**The problem:** Two lines mark the range in the entries below: the one holding "O crânio e as" and the one holding "This curated set". Set down those two and all lines between them, exactly.

**Task material:**
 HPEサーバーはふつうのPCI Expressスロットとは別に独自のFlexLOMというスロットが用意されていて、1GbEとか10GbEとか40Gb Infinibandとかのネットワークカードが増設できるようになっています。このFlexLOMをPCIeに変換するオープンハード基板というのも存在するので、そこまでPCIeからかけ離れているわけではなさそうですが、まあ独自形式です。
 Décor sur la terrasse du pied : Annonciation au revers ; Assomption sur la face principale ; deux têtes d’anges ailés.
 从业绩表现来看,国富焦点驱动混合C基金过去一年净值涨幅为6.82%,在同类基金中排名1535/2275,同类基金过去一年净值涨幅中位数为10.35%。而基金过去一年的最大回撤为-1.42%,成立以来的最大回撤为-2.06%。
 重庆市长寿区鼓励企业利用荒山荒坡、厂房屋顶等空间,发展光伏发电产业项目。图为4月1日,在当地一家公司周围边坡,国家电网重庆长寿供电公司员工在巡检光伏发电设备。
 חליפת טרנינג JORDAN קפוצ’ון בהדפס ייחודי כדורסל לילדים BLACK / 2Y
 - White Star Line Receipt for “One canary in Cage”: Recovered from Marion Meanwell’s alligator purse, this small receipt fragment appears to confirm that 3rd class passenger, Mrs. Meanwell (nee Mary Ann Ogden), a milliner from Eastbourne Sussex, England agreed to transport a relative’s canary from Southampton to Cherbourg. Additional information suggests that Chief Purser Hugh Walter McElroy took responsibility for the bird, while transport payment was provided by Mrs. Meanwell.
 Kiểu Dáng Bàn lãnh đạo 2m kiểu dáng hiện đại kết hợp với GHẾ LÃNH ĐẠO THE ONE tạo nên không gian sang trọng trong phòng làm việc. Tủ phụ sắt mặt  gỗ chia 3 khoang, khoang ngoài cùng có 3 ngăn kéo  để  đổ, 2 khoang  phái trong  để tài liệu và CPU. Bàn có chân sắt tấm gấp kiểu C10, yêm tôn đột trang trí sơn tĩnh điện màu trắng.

==

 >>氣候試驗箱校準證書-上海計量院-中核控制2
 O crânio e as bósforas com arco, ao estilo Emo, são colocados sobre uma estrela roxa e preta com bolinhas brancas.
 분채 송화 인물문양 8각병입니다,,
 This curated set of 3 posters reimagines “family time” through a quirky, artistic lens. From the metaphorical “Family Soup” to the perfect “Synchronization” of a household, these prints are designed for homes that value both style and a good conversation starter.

==

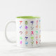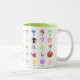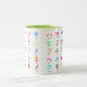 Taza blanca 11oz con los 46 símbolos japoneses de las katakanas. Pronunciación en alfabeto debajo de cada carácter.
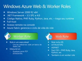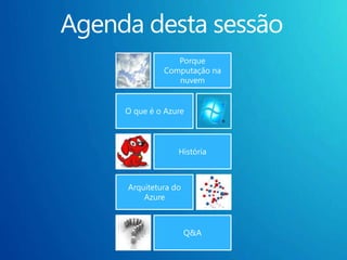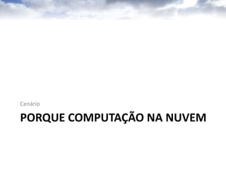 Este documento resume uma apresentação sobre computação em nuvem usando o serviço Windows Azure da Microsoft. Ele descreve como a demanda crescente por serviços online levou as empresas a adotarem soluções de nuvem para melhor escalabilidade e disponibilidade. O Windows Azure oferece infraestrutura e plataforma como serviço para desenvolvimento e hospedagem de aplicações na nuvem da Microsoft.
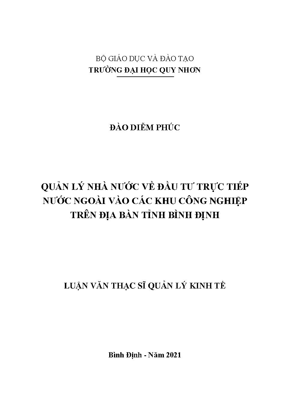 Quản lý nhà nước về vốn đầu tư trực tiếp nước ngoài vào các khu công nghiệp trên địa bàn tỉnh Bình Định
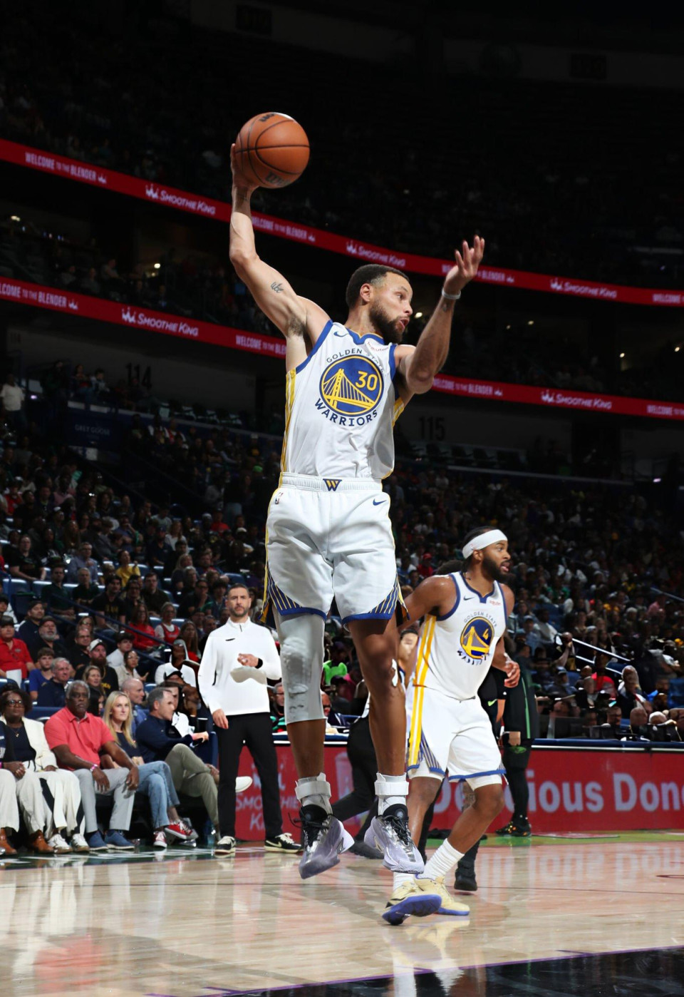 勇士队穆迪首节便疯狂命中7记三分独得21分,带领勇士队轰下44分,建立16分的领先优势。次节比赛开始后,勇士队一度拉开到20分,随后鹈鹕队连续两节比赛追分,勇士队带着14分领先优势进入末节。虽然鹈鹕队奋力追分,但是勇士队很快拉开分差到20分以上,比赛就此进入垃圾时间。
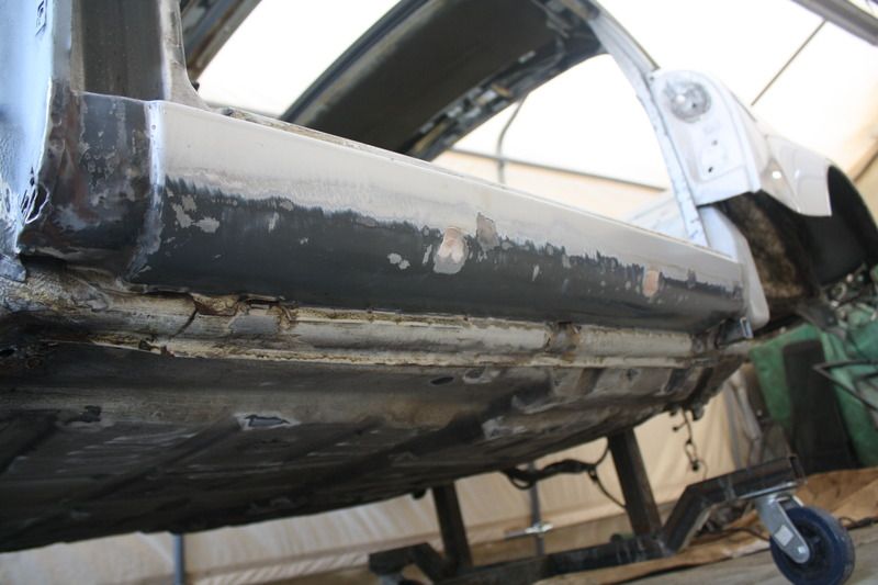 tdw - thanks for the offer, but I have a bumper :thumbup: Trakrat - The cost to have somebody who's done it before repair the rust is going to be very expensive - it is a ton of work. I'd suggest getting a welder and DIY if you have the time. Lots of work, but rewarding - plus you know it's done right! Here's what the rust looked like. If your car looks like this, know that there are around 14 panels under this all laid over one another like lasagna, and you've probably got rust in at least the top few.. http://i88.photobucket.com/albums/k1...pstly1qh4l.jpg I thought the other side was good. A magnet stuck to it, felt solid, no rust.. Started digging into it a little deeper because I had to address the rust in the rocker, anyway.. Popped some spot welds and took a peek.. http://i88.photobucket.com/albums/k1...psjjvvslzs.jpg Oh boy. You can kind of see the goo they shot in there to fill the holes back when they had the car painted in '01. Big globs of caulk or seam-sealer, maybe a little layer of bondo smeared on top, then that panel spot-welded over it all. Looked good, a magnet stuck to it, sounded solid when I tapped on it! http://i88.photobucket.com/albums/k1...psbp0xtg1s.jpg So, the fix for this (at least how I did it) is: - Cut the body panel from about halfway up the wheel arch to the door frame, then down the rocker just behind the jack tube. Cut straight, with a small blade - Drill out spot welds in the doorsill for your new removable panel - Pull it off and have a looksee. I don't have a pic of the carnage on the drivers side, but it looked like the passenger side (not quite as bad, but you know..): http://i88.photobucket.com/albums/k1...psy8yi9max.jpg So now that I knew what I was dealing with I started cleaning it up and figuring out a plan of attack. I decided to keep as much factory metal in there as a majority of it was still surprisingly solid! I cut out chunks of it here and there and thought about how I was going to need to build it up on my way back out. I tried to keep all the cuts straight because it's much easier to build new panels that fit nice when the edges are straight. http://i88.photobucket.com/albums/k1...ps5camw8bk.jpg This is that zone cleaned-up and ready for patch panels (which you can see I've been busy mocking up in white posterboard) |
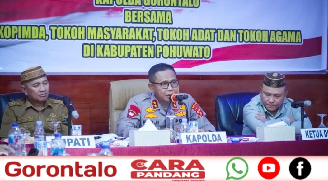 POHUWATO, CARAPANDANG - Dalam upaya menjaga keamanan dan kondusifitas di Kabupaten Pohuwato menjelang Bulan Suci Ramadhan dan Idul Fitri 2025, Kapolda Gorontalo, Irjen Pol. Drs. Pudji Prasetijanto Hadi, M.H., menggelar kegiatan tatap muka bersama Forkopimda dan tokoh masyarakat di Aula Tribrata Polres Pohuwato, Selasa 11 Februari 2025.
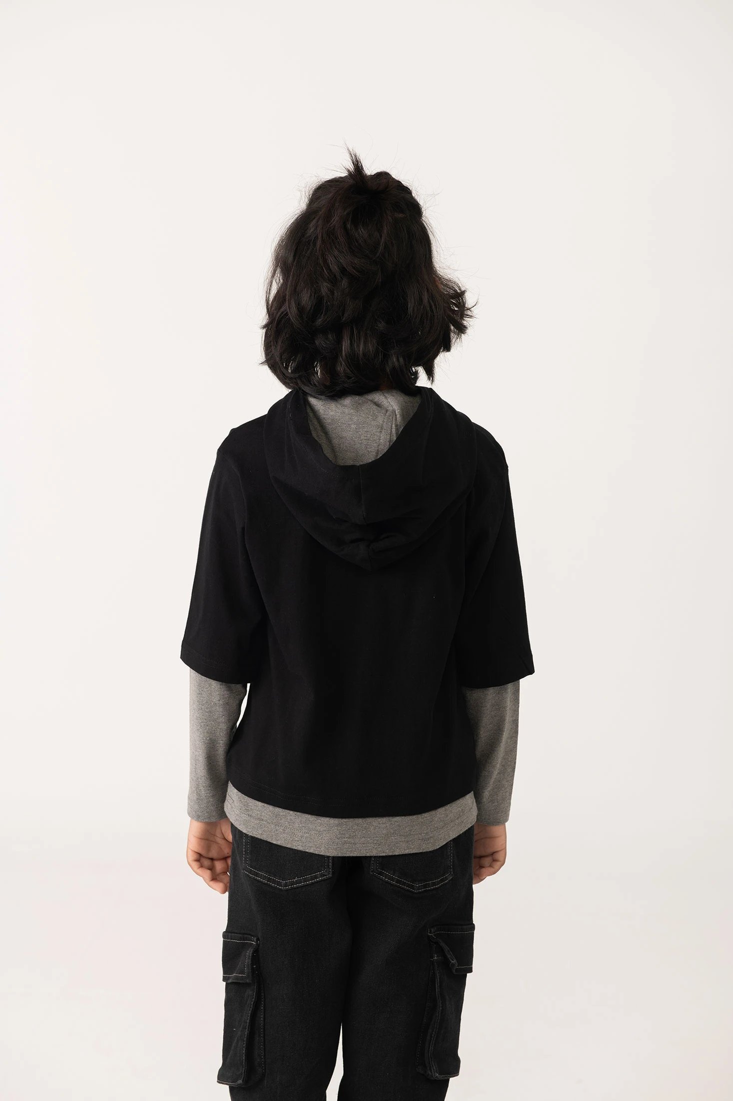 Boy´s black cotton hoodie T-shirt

**Expected output:**
 O crânio e as bósforas com arco, ao estilo Emo, são colocados sobre uma estrela roxa e preta com bolinhas brancas.
 분채 송화 인물문양 8각병입니다,,
 This curated set of 3 posters reimagines “family time” through a quirky, artistic lens. From the metaphorical “Family Soup” to the perfect “Synchronization” of a household, these prints are designed for homes that value both style and a good conversation starter.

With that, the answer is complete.